If you are going to hold conventional bonds, you have to believe economic conditions won’t improve; deflation will set in and central banks will keep trying to drive yields lower – an unlikely prospect in our view. The market tends to agree – at time of writing, year-to-date returns were negative for the first time in a decade. There are however ways to stay in bonds, but mitigate the damage. Here are five things our experts believe you could do with your fixed income portfolio in Q4:
1. Soften the blow in the US
Solid growth and ongoing rate hikes have pushed 10-year treasury yields above 3.10%, the highest level since 2011 and, now that the mid-terms out of the way, we’re once again bearish on their outlook. They could reach 3.4%+ over the next 12 months, driven on by inflation and growing term premia (i.e. the extra return demanded by bondholders to prefer long maturities to shorter ones) as the Fed keeps to its policy path and shrinks its balance sheet even further. Risks include above-trend growth, higher inflation and lower demand. Rate hikes could yet accelerate.
At the very least, we’d suggest holding some short-dated assets maturities but we’d go further by looking towards inflation-linked bonds and floating rate bonds to hedge against inflation surprises and rising yields.
2. Be selective in Europe
After a 0.75% high earlier this year, 10-year bund yields have eased lower on softer growth data in core EMU, the political crisis in Italy and muted inflationary pressure. The ECB meanwhile has committed to delay hikes until summer 2019 and possibly until just prior to Mario Draghi’s retirement in October. For all that, the rupture with Rome can’t conceal signs of greater economic stability in the eurozone, so we still expect long-term yields to rise on bellwethers like the bund as ECB purchases fade.
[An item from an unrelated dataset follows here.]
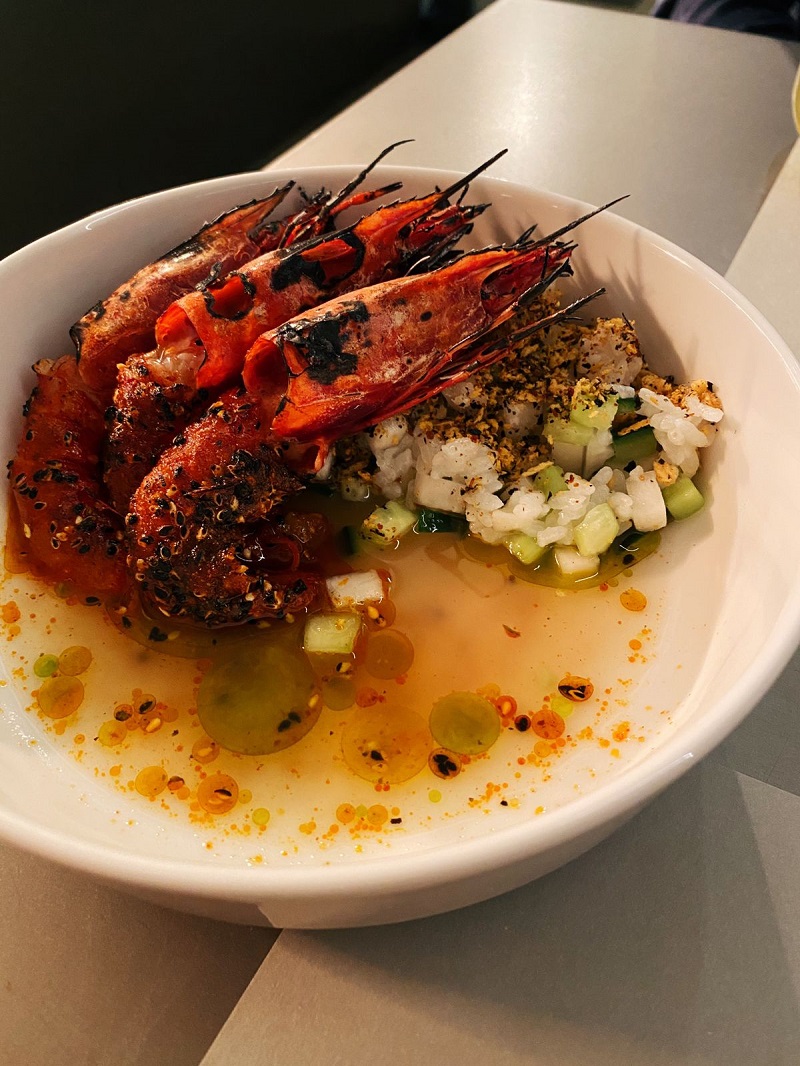 Ένα πιάτο που δεν θα το δεις στα social media του Proveleggios μιας και είναι από τις νέες προσθήκες στον κατάλογο. Ένα πιάτο όμως που επιβάλλεται να πάρεις αν επισκεφτείς το εστιατόριο του Σωτήρη Κοντιζά στο προσεχές μέλλον. Είναι ακριβώς αυτό που λέει ο κατάλογος: τρεις υπέροχες κατακόκκινες γαρίδες, σερβιρισμένες μαζί με ένα γλυκόξινο ζωμό και μερικά συνοδευτικά σε κύβους. Το ιδιαίτερο όμως είναι ότι πριν φτάσει στο τραπέζι σου αυτό το πιάτο θα το καταλάβεις. Στο πάσο, ένα δυνατό φλόγιστρο θα τις καψαλίσει και θα τους δώσει μια υπέροχη καπνιστή επίγευση. Παίρνεις μια στο πιάτο σου, βγάζεις εύκολα το κεφάλι, ρίχνεις από πάνω λίγο από τον ζωμό, κόβεις και δοκιμάζεις. Ψημένη ελάχιστα, όσο πρέπει, μια αίσθηση σαν να είναι σεβίτσε γαρίδας αλλά με μία υπέροχη καπνιστή επίγευση. Μερικές φορές είναι πολύ απλό να φτιάξεις ένα πιάτο που δημιουργεί αναμνήσεις και αυτές οι γαρίδες στο φλόγιστρο μόλις τις δοκιμάσεις θα τις θυμάσαι για πάντα.

We prefer short maturity bonds. In the UK, Brexit-related uncertainty leaves us neutral at best on gilts.
The EC’s rejection of the Italian government’s first draft of its new budget will pile more stress onto BTPs, and give some short-lived support to core European bonds. But these bonds are already overvalued and an amicable resolution may well be reached in time – reality will still set in. We favour peripheral bonds, including BTPs, over the long run as they come with carry. The wary might consider giving Italy a wide berth, but being brave and buying the dip might prove more rewarding.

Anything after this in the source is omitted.